Stephen’s Photoshop Basics workshop was as good as anything I’ve seen done by the big name guys or done online. He explained layers and why that makes Photoshop so powerful. He demonstrated how to do a batch edit (turning RAW files into JPGs that each have the same effects that Stephen applied to the first image of the series. Stephen shoots slow-motion videos by shooting hundreds of time-delayed RAW images that he applies the same changes and then saves into a Quicktime movie. Very cool effect.)
Stephen explained smart objects and lots more. All in all a avery worthwhile evening which ended with a 40 minute video on how to use light modifiers in a studio setting. After sitting through over 25 hours of Zack Arias’s live demo a few weekends back I gave the Joel Grimes Workshop video a pass and went home to the air conditioning. On the other hand here’s a link to Joel Grimes’ website. His opening shot is of a black man against a black background using (I’m guessing) at least three lights. Incredible. Pretty sure I could pull this off but it would take all day to figure out the lighting. Run Joel’s slideshow and prepare to be amazed. BTW he’s obviously using a lot of Photoshop to create these effects so don’t be too discouraged if you can’t duplicate these shots at home.
I’ve been so busy shooting and teaching that I missed this wonderful website “DIY Photography.”
For those of you who are taking their photography passed the family snapshots this site is for you….and prepare to spend some hours going through all the posts. DIY stands for do-it-yourself and that’s what you’ll learn here. Case in point it this blog on how to shoot HD video from your own helicopter. Get Out!! No it’s true.
A ham radio buddy of mine (Mike whose Canadian amateur radio call sign is VA3MW flies a four-engine electrical powered one-meter square hula-hoop. You’ve got to see this thing to believe it. Mike says because it has four engines it’s relatively easy to fly. Best of all it can hover and it can be set to hover at a predetermine GPS point. Here’s a link to his site.
Back to the DIY site.
Having problems learning lighting? Here’s a wonderful link to a “Lighting Modiferiers Cheat Cheet (sic)”.
I never thought I’d say this but DSLR video-equipped cameras like the Canon D5 Mark II or the Nikon D-300s are way too much money when you can do the same thing with an I-Phone!
What! No? Yup and here’s the proof. This video was shot with a new I-Phone G4. You tell me whether you could shoot better than this? And this was done with the I-Phone. Yikes. I give up.
Now it didn’t hurt that the I-Phones were in an Owle Bubo Camera Mount which aids stability and creates a much better colour corrected image. But this is a $120 accessory. In the world of pro photography that’s so cheap as to be non-issue.

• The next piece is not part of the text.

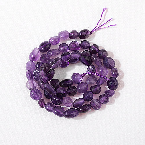 - 싼비즈 [5480-13]원석 못난이 약6x8mm 천연석 자수정 2월탄생석 ,반줄(약19cm)
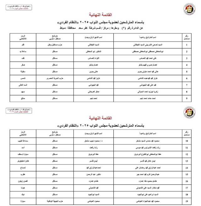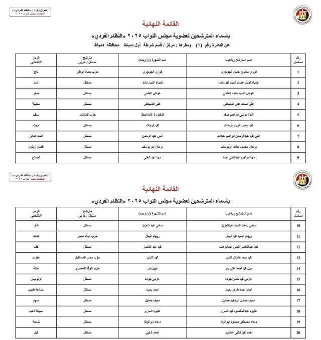 أصدرت الهيئة الوطنية للانتخابات اليوم، الخميس الموافق 23 أكتوبر 2025، القائمة النهائية والمعتمدة للمرشحين بالنظام الفردي الذين سيشاركون في انتخابات مجلس النواب 2025 بدوائر محافظة دمياط.

This gripping device does amazing things to images shot with an ordinary G3 I-Phone (see the videos here and here and here and the shots of the motorcycle racing were done with an G4 I-Phone in the Owle Budo mount. This device is more than just a grip that helps steady the camera. It has a 37mm wide-angle lens and forward facing microphone. There’s a standard shoe on top for accessories and tripod mounting holes in several places.

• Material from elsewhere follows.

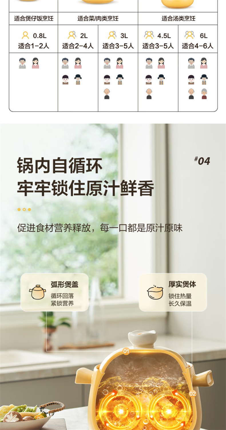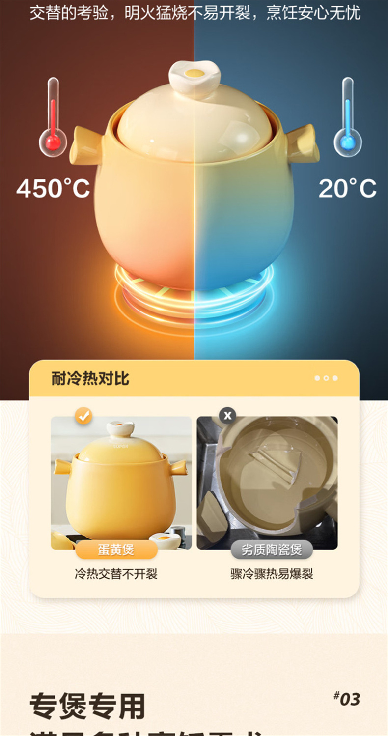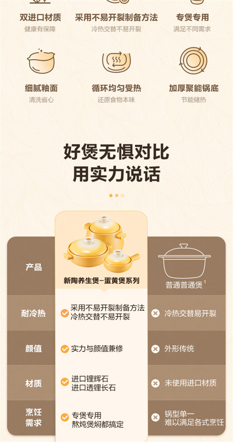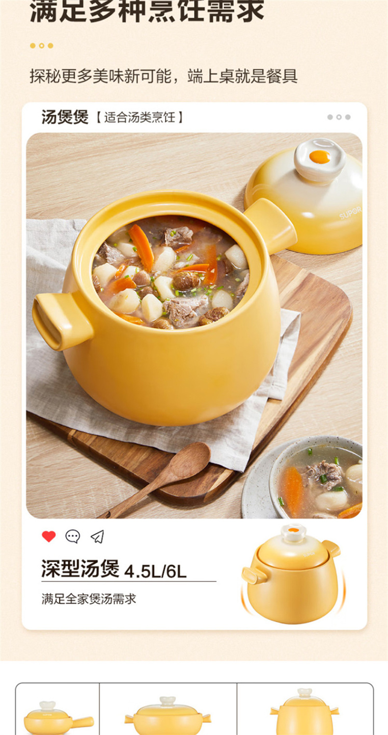 苏泊尔(SUPOR) EB45WT01 4.5L 新陶养生煲·蛋黄煲 蛋黄色(单位:个)

This is really seriously cool.
The shots from the glider (second video) as good as anything I’ve every seen and it’s funnier than heck. The photographer went flying with a US Aerobatics Champion and his reactions to flying upside down among other tricks is worth the five minutes.
If somebody from Owle Budo wanted to send me one for my G3 I-Phone I’d do a serious review 🙂 Failing that, I might have to buy my own. This thing is amazing.